[WORK TASK] Look below for the line holding "America / USA" and the line holding "Czarny kot - spinki do mankietów". Transcribe exactly those lines and all lines between them, nothing more.

━━ PROVIDED DATA

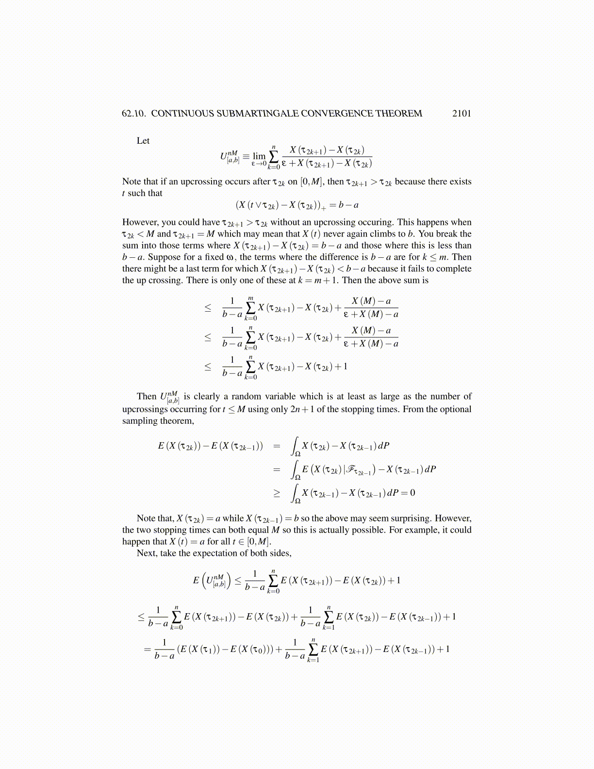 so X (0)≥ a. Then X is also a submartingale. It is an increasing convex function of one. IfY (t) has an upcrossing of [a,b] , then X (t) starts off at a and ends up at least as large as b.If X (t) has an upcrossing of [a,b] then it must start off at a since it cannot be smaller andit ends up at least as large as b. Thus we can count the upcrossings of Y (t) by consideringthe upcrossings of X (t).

━━━━
━━ PROVIDED DATA

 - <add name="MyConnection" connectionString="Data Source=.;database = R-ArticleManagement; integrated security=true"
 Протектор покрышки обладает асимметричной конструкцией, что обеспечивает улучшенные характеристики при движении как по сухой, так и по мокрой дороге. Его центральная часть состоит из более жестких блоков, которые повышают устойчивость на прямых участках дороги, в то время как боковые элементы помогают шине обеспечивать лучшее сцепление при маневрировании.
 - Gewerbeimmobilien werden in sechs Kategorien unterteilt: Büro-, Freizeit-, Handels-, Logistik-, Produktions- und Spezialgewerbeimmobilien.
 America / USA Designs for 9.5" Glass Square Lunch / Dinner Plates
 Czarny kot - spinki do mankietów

━━━━

[EXERCISE ANSWER]
 America / USA Designs for 9.5" Glass Square Lunch / Dinner Plates
 Czarny kot - spinki do mankietów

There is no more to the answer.